#### Data shown ####
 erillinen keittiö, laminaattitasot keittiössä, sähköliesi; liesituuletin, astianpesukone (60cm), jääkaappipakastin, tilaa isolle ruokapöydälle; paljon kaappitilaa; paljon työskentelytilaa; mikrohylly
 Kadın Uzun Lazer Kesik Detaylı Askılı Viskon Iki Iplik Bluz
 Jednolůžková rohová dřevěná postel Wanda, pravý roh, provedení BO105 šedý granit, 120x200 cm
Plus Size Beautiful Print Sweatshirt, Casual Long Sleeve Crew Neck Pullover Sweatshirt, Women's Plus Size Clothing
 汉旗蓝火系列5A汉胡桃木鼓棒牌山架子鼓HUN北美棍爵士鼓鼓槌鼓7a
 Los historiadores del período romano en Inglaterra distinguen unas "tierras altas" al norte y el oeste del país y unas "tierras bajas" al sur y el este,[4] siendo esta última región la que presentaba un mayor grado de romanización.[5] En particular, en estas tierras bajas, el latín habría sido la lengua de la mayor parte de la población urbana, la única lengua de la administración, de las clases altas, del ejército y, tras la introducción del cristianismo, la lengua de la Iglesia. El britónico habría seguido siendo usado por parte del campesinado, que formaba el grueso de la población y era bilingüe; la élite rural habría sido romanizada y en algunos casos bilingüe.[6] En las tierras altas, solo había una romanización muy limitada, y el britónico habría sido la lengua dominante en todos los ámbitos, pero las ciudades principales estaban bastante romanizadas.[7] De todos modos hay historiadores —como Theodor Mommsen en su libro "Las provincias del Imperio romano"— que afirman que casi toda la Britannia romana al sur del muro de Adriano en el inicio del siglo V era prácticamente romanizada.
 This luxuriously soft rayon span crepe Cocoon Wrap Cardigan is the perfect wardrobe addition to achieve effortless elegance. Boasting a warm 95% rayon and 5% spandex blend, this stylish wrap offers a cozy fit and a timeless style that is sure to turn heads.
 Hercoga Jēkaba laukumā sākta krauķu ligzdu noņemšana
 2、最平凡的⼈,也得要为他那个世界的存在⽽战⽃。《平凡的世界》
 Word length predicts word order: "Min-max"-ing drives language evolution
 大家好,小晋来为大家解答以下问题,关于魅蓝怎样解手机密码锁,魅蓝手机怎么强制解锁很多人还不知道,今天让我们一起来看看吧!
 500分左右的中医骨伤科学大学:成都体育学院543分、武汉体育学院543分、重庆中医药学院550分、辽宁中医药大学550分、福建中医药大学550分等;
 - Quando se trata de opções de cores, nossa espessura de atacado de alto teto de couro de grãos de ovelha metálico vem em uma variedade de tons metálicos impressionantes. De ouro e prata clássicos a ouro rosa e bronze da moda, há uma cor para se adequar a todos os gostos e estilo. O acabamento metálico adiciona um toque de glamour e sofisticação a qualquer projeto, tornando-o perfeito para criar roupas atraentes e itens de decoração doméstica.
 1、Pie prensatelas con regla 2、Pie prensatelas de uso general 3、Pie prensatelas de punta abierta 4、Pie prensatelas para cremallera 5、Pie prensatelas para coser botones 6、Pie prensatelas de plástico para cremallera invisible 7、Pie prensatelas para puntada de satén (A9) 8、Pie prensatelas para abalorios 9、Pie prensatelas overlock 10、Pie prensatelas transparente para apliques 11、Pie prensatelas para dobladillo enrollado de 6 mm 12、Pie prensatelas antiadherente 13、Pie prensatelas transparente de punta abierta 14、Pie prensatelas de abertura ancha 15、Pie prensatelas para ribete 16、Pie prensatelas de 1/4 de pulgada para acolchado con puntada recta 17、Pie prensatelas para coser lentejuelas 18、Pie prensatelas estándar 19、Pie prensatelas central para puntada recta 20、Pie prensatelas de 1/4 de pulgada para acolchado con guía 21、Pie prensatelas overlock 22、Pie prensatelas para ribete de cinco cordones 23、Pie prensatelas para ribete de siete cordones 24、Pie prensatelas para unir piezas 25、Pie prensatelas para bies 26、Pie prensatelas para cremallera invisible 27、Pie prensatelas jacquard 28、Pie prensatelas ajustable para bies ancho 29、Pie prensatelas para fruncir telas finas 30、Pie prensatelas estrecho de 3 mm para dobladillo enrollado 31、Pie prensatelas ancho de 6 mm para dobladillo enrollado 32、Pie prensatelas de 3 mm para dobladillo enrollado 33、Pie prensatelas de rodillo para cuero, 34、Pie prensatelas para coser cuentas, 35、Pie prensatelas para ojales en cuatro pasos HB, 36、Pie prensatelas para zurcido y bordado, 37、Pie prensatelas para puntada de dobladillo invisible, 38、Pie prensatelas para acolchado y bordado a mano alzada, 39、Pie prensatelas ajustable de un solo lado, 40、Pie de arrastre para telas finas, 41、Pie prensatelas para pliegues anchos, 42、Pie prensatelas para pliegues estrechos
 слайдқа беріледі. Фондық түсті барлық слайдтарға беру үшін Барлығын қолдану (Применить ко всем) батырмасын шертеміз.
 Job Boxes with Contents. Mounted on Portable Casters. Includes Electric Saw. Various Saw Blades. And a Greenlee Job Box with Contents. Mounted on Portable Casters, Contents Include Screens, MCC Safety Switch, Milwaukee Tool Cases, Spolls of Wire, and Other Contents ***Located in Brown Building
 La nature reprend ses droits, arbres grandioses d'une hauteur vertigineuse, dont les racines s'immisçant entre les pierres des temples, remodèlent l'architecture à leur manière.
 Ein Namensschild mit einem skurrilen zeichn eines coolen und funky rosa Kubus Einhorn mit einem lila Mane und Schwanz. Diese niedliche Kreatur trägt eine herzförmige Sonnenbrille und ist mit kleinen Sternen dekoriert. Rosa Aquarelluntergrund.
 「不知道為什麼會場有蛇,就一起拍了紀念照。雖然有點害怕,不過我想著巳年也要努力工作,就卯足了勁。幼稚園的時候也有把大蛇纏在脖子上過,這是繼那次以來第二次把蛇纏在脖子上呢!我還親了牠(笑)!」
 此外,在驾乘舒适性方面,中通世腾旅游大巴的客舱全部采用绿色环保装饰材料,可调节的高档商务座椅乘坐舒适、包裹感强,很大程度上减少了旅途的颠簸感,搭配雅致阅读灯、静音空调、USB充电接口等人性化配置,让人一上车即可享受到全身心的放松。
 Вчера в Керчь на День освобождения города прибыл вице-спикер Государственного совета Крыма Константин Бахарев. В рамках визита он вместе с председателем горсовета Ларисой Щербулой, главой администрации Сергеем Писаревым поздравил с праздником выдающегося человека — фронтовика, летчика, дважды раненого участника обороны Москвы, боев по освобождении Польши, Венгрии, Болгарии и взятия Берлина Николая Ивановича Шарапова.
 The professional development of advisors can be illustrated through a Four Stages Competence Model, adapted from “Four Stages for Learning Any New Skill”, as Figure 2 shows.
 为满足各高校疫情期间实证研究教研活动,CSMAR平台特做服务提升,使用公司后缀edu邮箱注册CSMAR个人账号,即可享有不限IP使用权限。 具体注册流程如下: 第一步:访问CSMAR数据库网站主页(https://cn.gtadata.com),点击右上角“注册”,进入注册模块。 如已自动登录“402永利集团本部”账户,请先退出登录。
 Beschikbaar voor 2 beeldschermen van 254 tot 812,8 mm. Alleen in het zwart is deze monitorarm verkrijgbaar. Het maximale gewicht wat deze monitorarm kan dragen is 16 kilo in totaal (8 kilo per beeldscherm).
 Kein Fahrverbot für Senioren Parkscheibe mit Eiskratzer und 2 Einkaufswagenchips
####
● **Instructions to follow**
Scan the listing for the string "rosa", then copy every line where it appears.

● **The answer**
 - Quando se trata de opções de cores, nossa espessura de atacado de alto teto de couro de grãos de ovelha metálico vem em uma variedade de tons metálicos impressionantes. De ouro e prata clássicos a ouro rosa e bronze da moda, há uma cor para se adequar a todos os gostos e estilo. O acabamento metálico adiciona um toque de glamour e sofisticação a qualquer projeto, tornando-o perfeito para criar roupas atraentes e itens de decoração doméstica.
 Ein Namensschild mit einem skurrilen zeichn eines coolen und funky rosa Kubus Einhorn mit einem lila Mane und Schwanz. Diese niedliche Kreatur trägt eine herzförmige Sonnenbrille und ist mit kleinen Sternen dekoriert. Rosa Aquarelluntergrund.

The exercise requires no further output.